A Statistical Analysis of "Hamptonese"
He worked for 14 years, literally turning trash into treasure.
Introduction
James Hampton is the creator of The Throne of the Third Heaven of the Nations’ Millennium General Assembly, a collection of 180 pieces of “outsider art” that currently reside at the Smithsonian American Art Museum in Washington D.C.
A man of humble means, Hampton maintained a day job as a janitor. As an “outsider artist” he used the materials available to him: garbage. He worked for 14 years, literally turning trash into treasure, the above masterpiece.
As his wiki page explains:
Hampton built a complex work of religious art […] with various scavenged materials such as aluminum and gold foil, old furniture, pieces of cardboard, light bulbs, jelly jars, shards of mirror and desk blotters held together with tacks, glue, pins and tape.
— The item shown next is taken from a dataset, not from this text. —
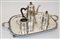 rispettivamente composto da un vassoio cesellato e sbalzato con bordo nervato di cm 60x36, una teiera, una zuccheriera ed una lattiera
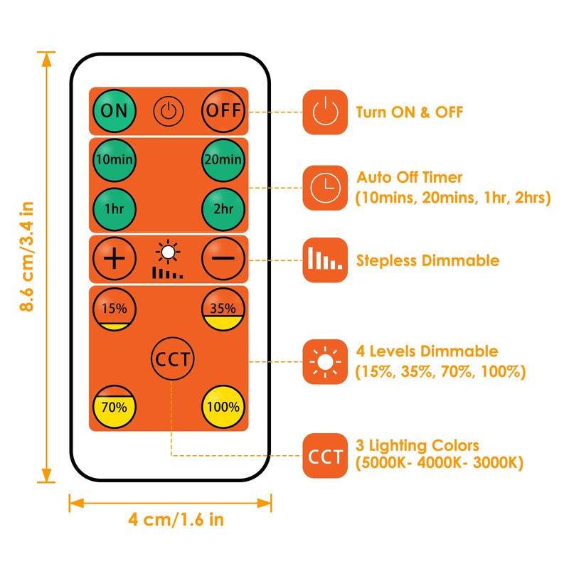 - Multifunctional remote control: the touch switch on the square lamp base only turns the lamp on and off. The wireless remote control can achieve more functions, including switching on and off, 4-level timer functions, infinitely dimmable and 4 levels dimmable (10% - 40% - 80% - 100% brightness)

Although historians have labelled Hampton an “outsider artist”, a more appropriate label might be prophet.
Hampton described his work as a monument to Jesus in Washington. It was made based on several religious visions that prompted him to prepare for Christ’s return to earth. Hampton wrote that God visited him often, that Moses appeared to him in 1931, the Virgin Mary in 1946, and Adam on the day of President Truman’s inauguration in 1949.
Want more background? Check out the video that inspired this article on YouTube.
But what does any of this have to do with statistics?
Stamp explains:
Hampton also left behind a notebook filled with more than 100 pages written in a mysterious script. This script has been dubbed “Hamptonese”. A partial page is pictured below.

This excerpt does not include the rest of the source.